### Task material:
* * * * * * * * *
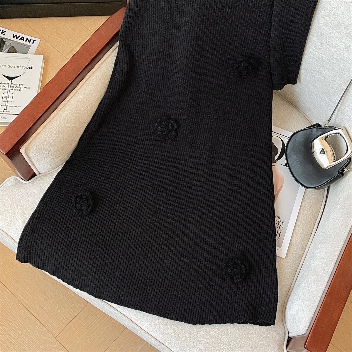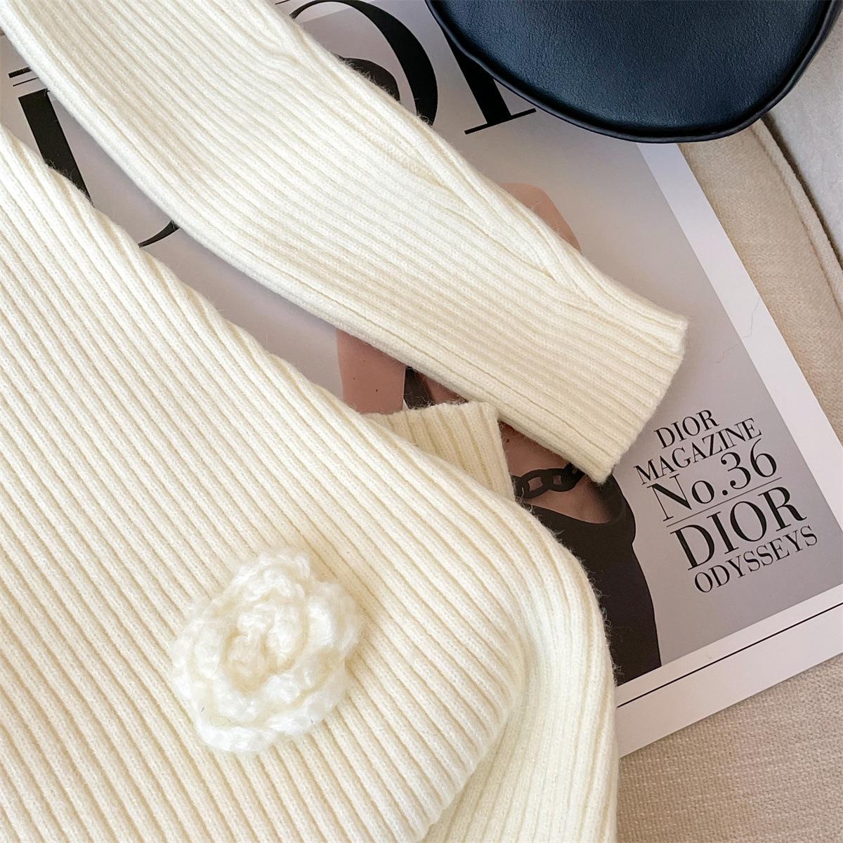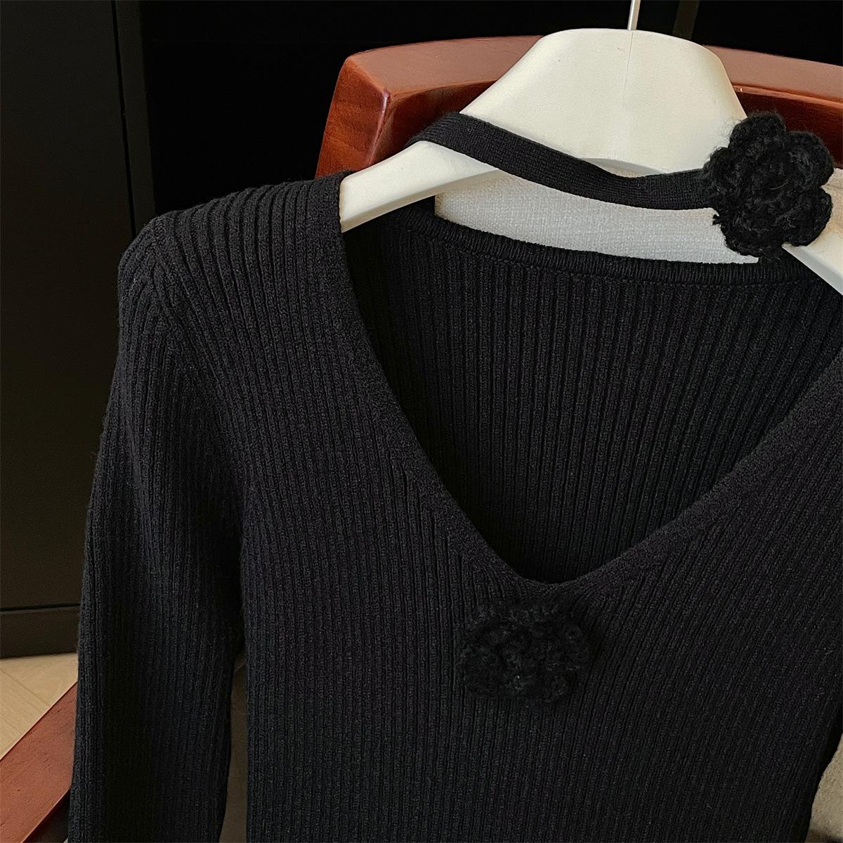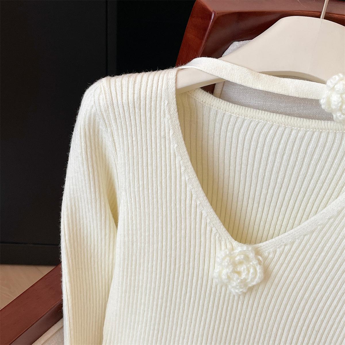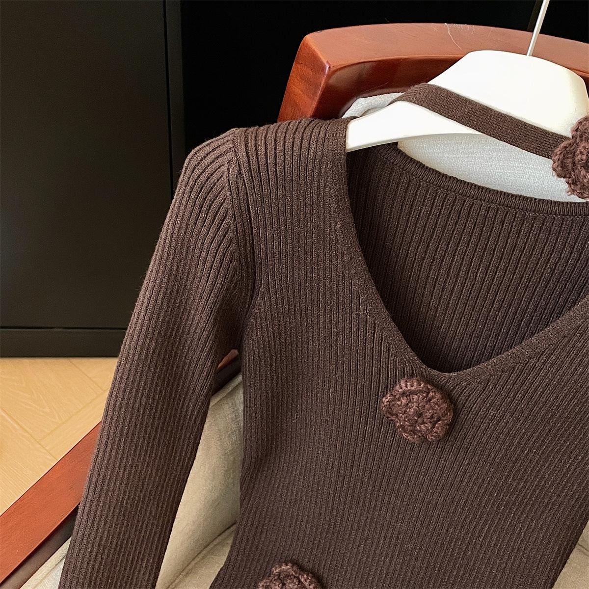 Foto real de dulce vestido de punto con cuello en V para mujer 2023 otoño e invierno nuevo fondo delgado falda de cola de pez larga sobre la rodilla
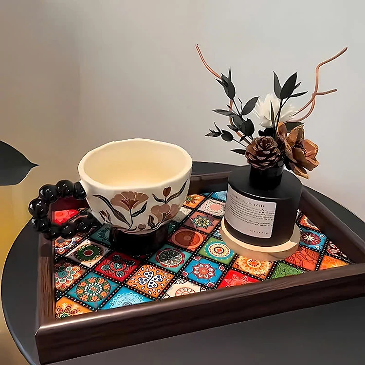 Khay Trà Gỗ Họa Tiết Mosaic Phong Cách Bohemian 30×20cm | Khay Đựng Ly Cốc Cao Cấp | Khay Decor Trang Trí Nhà Cửa - HÀNG CHÍNH HÃNG MINIIN
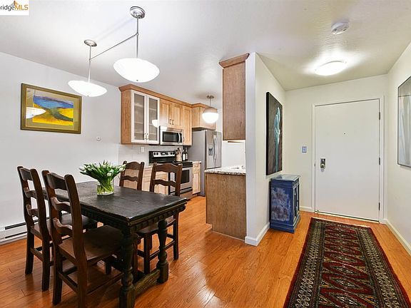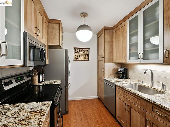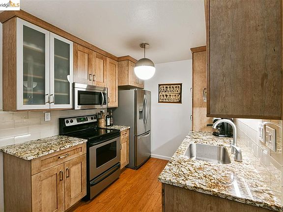 Sunny and updated spacious corner unit condo is located in the desirable Park Webster complex in the West End of Alameda. Located steps away from Crab Cove this unit boasts an updated kitchen with granite countertops, high-end cherry wood cabinets and SS appliances; Prestige Cherry Pergo flooring throughout; and a private balcony overlooking the beach, with filtered views of the bay. With a Walkscore of 83 and Bikescore of 86, there is easy access to the bustling Webster street corridor and beyond with shops, restaurants and Transbay bus. Community amenities include a private security gate, pool, gym, laundry facilities and a tranquil courtyard complete with a koi pond. Deeded parking space and a large additional storage unit located right across the hall from the unit. Crown State Beach is just outside the complex gate and all the wonderful restaurants and shopping that Alameda has to offer is just steps away.
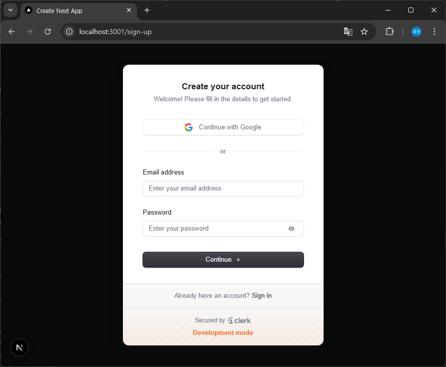 서버를 실행하고 /sign-in 경로와 /sign-up 경로로 접속하여
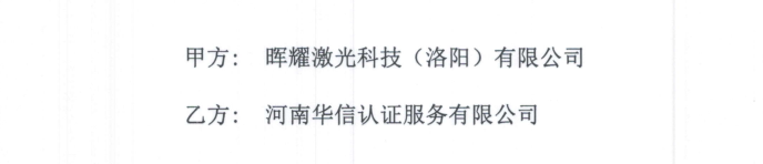 祝晖耀激光科技 (洛阳)有限公司与华信签定认证服务合同!
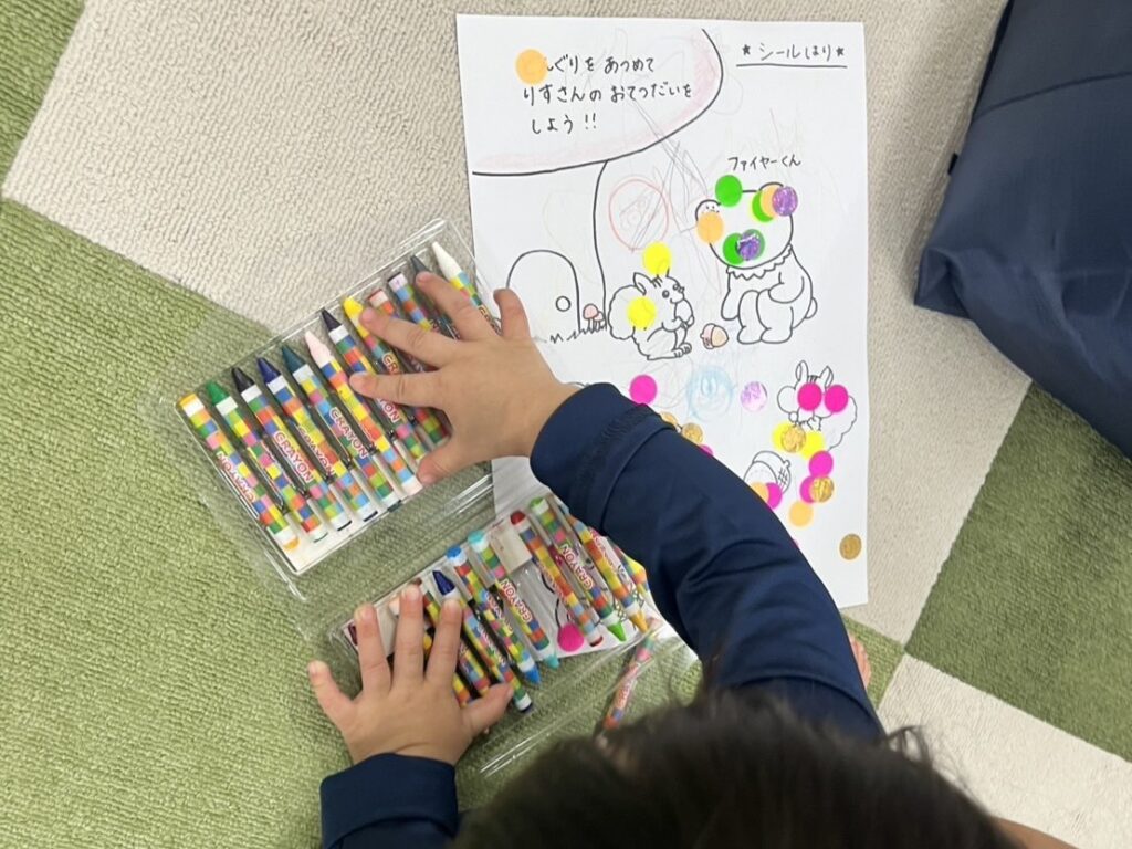 ぬりえやシール貼りは、スタッフのお姉さんが描いてくれたローズちゃんとファイヤーくんが登場します✨
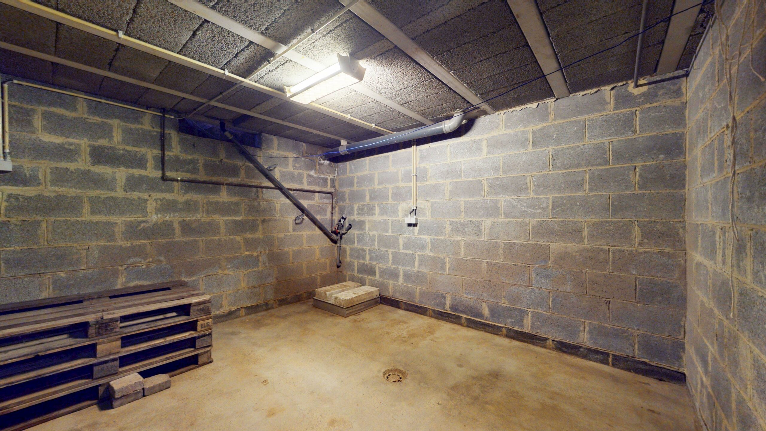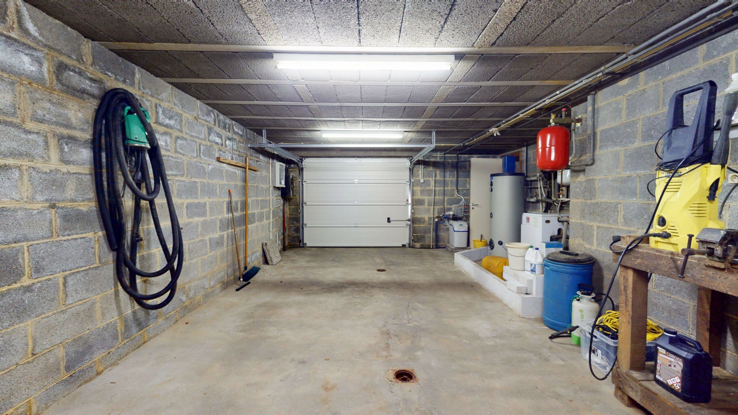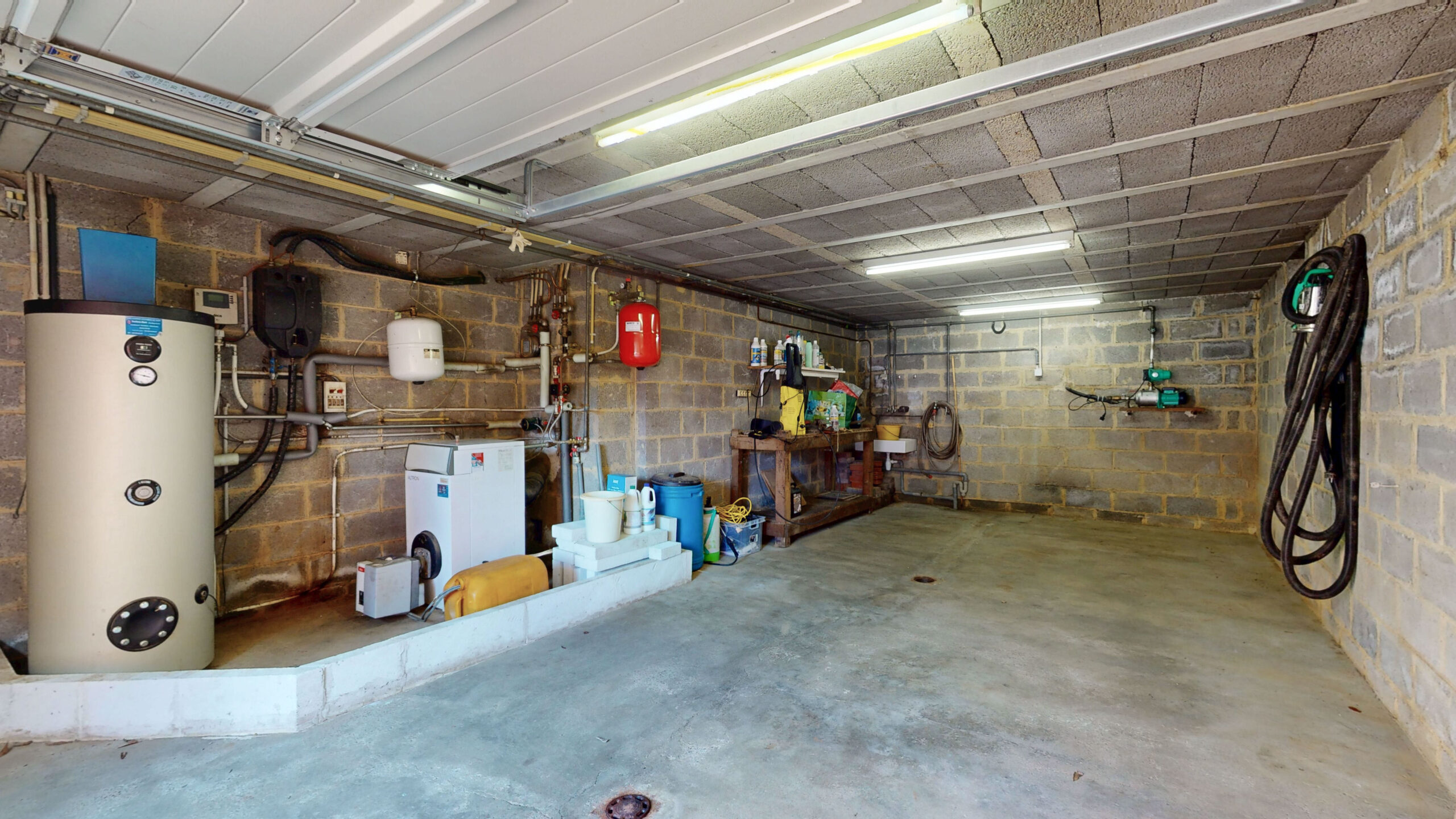 A la cave, nous avons le garage avec la chaufferie, la buanderie et une grande pièce cave.
* * * * * * * * *
With all pictures left out, please transcribe exactly the lines from the start of the material through the line with "Khay Trà Gỗ".

 Foto real de dulce vestido de punto con cuello en V para mujer 2023 otoño e invierno nuevo fondo delgado falda de cola de pez larga sobre la rodilla
 Khay Trà Gỗ Họa Tiết Mosaic Phong Cách Bohemian 30×20cm | Khay Đựng Ly Cốc Cao Cấp | Khay Decor Trang Trí Nhà Cửa - HÀNG CHÍNH HÃNG MINIIN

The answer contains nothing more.